WHAT IS REQUIRED
Where the records below reach the line containing "Celebrate Ramadan in", start transcribing, and end with the line containing "Mời tham quan, giao", exactly and with nothing else added.

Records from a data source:
BEGIN

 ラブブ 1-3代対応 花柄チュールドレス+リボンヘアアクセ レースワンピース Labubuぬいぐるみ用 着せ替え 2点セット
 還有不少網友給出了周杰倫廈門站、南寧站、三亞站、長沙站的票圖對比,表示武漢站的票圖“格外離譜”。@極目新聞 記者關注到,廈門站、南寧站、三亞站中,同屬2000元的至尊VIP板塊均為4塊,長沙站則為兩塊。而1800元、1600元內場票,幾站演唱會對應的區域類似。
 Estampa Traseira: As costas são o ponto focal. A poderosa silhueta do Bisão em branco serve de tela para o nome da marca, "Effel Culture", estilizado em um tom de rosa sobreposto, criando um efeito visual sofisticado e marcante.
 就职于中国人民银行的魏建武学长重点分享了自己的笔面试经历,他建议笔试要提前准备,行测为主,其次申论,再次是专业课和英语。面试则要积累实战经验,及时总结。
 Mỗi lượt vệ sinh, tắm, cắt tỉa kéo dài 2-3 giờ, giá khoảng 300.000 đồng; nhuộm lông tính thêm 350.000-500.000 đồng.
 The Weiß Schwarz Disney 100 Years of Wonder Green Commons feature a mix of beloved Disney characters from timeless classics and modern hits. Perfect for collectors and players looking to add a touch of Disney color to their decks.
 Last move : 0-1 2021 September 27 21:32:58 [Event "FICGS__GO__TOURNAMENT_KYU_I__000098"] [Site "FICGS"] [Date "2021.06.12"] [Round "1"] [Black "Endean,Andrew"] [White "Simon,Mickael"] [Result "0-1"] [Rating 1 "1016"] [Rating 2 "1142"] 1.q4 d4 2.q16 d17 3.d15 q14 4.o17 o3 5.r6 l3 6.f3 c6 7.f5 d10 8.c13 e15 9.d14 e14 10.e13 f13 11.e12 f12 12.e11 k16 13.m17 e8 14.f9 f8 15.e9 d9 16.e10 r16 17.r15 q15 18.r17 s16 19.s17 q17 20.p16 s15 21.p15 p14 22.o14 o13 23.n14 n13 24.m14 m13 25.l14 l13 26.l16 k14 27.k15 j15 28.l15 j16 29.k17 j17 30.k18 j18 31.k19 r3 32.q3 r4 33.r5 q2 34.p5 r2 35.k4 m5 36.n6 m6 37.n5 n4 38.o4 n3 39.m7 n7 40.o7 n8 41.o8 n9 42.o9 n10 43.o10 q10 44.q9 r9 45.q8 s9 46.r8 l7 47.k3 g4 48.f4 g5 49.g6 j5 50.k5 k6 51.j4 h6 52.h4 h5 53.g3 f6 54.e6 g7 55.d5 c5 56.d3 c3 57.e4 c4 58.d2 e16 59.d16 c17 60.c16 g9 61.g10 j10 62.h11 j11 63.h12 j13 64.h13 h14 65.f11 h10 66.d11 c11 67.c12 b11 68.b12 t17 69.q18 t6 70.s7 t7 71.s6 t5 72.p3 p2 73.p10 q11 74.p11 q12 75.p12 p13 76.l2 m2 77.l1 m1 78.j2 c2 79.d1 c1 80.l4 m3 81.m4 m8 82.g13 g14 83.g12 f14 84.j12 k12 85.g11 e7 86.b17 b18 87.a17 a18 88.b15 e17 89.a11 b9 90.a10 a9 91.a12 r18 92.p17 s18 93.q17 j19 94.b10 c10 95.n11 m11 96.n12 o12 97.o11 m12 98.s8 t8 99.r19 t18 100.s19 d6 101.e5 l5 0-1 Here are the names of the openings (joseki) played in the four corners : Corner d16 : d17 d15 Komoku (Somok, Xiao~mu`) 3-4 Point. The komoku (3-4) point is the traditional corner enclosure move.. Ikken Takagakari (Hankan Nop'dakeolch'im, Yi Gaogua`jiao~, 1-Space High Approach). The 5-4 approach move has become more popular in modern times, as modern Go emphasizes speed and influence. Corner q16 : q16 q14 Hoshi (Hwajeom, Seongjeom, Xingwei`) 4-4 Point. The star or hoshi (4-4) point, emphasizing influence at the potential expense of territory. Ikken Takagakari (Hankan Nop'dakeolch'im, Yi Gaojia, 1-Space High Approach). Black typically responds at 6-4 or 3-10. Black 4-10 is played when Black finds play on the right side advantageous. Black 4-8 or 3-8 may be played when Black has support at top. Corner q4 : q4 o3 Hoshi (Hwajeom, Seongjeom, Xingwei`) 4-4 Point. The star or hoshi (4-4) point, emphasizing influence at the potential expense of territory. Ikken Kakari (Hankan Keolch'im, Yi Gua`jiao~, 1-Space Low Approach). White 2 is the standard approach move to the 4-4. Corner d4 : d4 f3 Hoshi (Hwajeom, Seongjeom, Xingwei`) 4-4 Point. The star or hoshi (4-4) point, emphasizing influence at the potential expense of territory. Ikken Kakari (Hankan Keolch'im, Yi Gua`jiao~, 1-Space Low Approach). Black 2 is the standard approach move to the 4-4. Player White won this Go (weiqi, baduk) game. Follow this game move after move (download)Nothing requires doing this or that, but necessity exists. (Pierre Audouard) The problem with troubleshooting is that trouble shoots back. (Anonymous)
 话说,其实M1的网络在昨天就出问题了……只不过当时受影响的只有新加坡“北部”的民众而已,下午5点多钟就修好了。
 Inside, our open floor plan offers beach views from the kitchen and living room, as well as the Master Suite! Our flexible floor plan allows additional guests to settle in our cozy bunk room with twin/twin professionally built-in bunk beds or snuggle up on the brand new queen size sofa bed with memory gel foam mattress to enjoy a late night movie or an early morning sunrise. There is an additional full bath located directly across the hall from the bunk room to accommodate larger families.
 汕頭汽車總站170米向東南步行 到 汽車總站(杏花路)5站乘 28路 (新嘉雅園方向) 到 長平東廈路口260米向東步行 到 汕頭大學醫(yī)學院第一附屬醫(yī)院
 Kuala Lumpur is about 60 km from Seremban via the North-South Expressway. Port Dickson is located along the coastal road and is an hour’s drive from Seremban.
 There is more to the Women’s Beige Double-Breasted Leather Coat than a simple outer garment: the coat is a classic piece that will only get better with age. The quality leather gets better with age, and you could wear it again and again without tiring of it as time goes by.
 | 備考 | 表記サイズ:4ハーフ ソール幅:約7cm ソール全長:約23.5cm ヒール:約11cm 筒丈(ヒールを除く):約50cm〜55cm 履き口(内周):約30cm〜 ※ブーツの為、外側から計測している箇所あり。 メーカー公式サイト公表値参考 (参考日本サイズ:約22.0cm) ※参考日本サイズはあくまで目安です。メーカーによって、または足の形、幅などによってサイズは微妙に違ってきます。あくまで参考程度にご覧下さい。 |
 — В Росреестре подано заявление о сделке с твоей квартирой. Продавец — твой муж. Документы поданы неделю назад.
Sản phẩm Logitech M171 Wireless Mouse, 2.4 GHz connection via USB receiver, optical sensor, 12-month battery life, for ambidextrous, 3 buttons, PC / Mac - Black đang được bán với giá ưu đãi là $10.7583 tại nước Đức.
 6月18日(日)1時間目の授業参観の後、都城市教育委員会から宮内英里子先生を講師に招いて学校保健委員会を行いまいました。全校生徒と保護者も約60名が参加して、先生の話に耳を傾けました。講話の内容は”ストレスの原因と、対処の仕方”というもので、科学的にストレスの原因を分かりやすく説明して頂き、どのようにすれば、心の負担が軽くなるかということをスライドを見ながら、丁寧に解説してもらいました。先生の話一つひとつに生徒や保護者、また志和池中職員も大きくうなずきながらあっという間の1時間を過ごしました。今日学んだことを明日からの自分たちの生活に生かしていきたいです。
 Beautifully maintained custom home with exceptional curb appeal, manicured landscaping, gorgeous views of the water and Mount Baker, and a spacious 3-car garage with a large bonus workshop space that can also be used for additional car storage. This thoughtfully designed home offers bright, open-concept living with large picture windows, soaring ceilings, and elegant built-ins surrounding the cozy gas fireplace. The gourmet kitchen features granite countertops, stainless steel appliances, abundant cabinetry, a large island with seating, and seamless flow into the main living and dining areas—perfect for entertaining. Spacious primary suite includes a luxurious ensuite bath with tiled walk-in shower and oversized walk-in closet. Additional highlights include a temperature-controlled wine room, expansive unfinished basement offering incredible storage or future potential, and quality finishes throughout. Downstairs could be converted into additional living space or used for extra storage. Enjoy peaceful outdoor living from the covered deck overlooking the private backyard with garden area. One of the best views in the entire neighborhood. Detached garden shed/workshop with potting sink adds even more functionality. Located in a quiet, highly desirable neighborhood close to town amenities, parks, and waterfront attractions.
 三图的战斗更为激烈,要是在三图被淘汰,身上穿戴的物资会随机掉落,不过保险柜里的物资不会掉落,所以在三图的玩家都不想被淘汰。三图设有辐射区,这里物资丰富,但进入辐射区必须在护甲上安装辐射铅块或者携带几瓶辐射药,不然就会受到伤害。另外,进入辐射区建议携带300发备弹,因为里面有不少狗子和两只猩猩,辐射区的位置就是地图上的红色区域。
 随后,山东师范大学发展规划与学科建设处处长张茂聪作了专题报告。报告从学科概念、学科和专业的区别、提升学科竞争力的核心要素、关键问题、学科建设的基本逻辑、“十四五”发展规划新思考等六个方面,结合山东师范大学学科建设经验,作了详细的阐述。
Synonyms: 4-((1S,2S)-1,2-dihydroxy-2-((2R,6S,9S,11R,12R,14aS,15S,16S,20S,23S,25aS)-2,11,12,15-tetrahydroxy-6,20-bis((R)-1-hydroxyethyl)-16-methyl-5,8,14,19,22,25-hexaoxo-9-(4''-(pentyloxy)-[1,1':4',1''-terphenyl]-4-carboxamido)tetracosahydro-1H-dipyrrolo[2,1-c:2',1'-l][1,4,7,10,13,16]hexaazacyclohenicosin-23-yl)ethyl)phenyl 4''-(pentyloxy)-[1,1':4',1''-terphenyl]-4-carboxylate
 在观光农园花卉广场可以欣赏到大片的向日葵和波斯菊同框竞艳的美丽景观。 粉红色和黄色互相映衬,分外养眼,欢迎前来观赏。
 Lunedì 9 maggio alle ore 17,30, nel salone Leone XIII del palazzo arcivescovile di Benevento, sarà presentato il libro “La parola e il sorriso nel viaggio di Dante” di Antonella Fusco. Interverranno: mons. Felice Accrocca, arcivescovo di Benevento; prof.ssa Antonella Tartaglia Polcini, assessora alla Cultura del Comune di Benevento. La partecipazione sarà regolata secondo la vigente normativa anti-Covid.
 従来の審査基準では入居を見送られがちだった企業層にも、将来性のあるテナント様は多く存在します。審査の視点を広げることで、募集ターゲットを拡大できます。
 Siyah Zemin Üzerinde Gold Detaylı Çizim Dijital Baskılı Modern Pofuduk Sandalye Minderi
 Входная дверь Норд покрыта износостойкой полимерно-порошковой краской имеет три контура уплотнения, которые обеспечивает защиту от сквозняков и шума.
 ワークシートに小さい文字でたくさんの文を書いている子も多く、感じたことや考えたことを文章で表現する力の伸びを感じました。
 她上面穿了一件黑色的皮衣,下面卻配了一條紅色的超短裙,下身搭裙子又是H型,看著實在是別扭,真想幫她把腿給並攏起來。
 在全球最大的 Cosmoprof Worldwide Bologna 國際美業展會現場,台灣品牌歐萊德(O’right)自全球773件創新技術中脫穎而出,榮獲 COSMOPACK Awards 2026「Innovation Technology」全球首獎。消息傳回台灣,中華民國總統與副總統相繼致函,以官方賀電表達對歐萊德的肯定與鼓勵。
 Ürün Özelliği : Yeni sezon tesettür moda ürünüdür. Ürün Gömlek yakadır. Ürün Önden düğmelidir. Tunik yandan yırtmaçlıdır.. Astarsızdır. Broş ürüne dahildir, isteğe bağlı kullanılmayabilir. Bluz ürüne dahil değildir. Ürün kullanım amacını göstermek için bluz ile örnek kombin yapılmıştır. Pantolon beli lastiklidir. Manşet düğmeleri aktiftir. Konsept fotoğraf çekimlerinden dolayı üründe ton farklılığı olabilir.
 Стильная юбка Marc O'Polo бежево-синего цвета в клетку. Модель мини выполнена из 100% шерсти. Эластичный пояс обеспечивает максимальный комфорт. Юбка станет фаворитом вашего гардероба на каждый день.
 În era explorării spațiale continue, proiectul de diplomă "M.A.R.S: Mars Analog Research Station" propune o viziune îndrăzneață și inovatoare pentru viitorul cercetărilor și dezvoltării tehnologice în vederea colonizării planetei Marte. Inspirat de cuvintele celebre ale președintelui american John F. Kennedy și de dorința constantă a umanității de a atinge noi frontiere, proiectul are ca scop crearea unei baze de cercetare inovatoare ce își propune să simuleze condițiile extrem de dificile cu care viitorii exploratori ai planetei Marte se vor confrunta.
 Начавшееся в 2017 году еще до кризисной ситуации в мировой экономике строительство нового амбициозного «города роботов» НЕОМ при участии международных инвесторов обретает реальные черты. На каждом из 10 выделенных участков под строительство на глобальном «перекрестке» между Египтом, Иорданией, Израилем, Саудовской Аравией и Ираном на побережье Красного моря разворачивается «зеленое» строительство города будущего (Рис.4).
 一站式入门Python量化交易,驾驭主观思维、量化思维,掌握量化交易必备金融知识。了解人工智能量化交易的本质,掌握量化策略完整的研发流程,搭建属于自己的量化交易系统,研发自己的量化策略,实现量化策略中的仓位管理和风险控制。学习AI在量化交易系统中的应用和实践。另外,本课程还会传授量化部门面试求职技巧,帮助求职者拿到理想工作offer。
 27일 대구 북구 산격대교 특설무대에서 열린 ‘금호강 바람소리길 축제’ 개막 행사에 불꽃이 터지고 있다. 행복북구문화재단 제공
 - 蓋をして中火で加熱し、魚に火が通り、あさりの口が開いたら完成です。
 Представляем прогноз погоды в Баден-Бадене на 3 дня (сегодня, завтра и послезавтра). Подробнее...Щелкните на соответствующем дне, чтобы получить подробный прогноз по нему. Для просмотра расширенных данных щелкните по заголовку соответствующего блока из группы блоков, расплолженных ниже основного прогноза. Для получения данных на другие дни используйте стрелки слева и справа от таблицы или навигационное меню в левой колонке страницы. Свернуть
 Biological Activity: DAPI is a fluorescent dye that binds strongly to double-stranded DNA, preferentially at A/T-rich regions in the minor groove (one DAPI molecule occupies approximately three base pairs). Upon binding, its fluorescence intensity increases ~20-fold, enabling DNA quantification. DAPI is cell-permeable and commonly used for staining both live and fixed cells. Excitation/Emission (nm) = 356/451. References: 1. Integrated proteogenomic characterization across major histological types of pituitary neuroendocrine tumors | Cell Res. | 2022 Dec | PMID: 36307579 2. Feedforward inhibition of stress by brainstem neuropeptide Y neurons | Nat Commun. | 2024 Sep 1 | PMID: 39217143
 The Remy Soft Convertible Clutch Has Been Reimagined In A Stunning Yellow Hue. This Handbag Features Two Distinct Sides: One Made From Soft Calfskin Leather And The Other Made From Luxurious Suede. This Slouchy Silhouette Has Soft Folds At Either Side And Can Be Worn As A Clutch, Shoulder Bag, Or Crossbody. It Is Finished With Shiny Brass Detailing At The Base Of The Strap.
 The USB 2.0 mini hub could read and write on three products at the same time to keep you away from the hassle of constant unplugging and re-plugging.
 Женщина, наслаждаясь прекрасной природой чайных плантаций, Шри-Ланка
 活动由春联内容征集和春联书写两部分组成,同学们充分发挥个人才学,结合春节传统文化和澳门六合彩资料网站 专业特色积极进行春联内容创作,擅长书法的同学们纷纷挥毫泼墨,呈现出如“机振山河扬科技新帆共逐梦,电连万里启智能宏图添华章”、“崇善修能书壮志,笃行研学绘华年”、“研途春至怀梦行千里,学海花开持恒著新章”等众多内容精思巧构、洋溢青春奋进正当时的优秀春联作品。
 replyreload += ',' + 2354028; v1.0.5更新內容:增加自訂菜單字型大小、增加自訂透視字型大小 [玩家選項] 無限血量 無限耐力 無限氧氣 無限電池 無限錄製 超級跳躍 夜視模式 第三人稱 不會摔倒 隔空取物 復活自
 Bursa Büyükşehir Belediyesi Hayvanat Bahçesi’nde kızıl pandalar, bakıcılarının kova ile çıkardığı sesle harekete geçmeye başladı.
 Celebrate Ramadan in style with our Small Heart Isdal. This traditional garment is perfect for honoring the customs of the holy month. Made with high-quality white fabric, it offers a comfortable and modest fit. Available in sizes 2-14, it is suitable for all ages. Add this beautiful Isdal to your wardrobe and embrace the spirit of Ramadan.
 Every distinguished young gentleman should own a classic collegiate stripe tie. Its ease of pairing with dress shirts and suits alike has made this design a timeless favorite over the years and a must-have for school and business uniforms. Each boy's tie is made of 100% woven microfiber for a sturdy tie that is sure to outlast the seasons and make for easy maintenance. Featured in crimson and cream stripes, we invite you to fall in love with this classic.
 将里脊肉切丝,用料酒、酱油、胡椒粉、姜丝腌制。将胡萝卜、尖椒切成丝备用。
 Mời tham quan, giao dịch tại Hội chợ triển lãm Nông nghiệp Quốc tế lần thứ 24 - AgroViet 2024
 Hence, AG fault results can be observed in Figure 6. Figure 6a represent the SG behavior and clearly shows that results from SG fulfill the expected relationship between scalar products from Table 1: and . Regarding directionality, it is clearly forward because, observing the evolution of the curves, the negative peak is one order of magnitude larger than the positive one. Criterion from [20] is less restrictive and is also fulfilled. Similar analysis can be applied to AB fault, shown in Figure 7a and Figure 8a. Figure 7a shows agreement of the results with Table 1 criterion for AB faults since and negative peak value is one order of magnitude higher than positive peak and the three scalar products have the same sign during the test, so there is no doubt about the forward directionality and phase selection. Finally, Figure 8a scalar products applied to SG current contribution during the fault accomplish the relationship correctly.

END

ANSWER BOX
 Celebrate Ramadan in style with our Small Heart Isdal. This traditional garment is perfect for honoring the customs of the holy month. Made with high-quality white fabric, it offers a comfortable and modest fit. Available in sizes 2-14, it is suitable for all ages. Add this beautiful Isdal to your wardrobe and embrace the spirit of Ramadan.
 Every distinguished young gentleman should own a classic collegiate stripe tie. Its ease of pairing with dress shirts and suits alike has made this design a timeless favorite over the years and a must-have for school and business uniforms. Each boy's tie is made of 100% woven microfiber for a sturdy tie that is sure to outlast the seasons and make for easy maintenance. Featured in crimson and cream stripes, we invite you to fall in love with this classic.
 将里脊肉切丝,用料酒、酱油、胡椒粉、姜丝腌制。将胡萝卜、尖椒切成丝备用。
 Mời tham quan, giao dịch tại Hội chợ triển lãm Nông nghiệp Quốc tế lần thứ 24 - AgroViet 2024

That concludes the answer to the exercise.